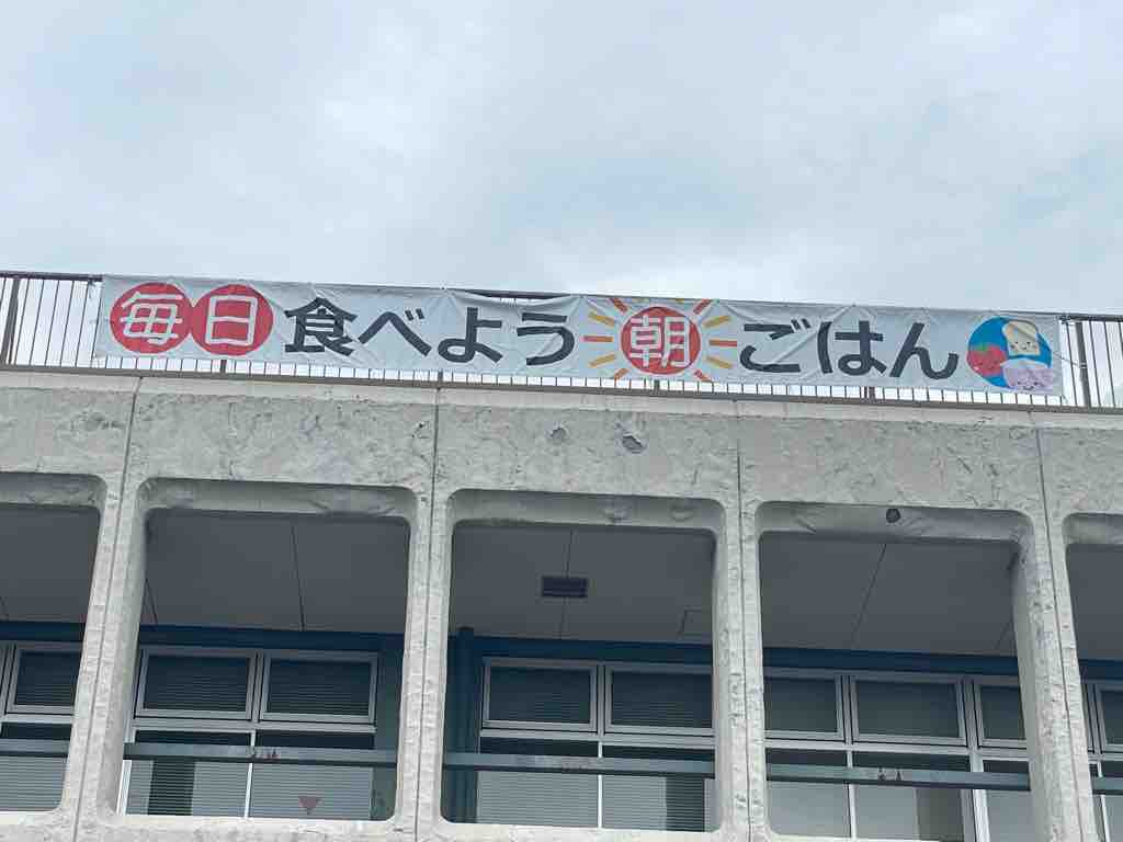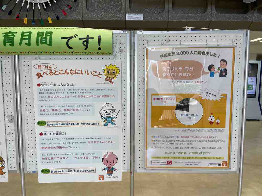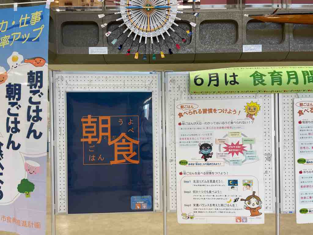 6月は食育月間ということで、戸田市役所2階ではパネル展示が行われており、また、市役所の東棟屋上には「毎日食べよう朝ごはん」という標語幕が設置されています。
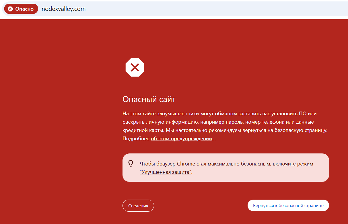 Официальный сайт биржи Nodexvalley – nodexvalley com. При попытке попасть на платформу браузер выдал предупреждение, что это опасный сайт. Он заподозрен в краже личных, платежных и контактных данных посетителей. Это уже настораживающий момент, который часто говорит о мошенничестве.
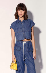 Cropped doesn't get any cooler than the Bryce Top. This edgy look has 2 oversized front cargo pockets and dropped sleeveless shoulders and comes in our soft washed chambray
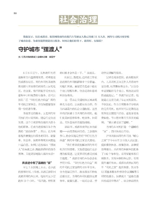 巷的群体,已成为连接城市各个角 2022 年,成都市成华区率先破 为网约车司机打造一个温暖的

****************

### Work request
Quote the material word for word, dropping any images it holds.

### Task response
 6月は食育月間ということで、戸田市役所2階ではパネル展示が行われており、また、市役所の東棟屋上には「毎日食べよう朝ごはん」という標語幕が設置されています。
 Официальный сайт биржи Nodexvalley – nodexvalley com. При попытке попасть на платформу браузер выдал предупреждение, что это опасный сайт. Он заподозрен в краже личных, платежных и контактных данных посетителей. Это уже настораживающий момент, который часто говорит о мошенничестве.
 Cropped doesn't get any cooler than the Bryce Top. This edgy look has 2 oversized front cargo pockets and dropped sleeveless shoulders and comes in our soft washed chambray
 巷的群体,已成为连接城市各个角 2022 年,成都市成华区率先破 为网约车司机打造一个温暖的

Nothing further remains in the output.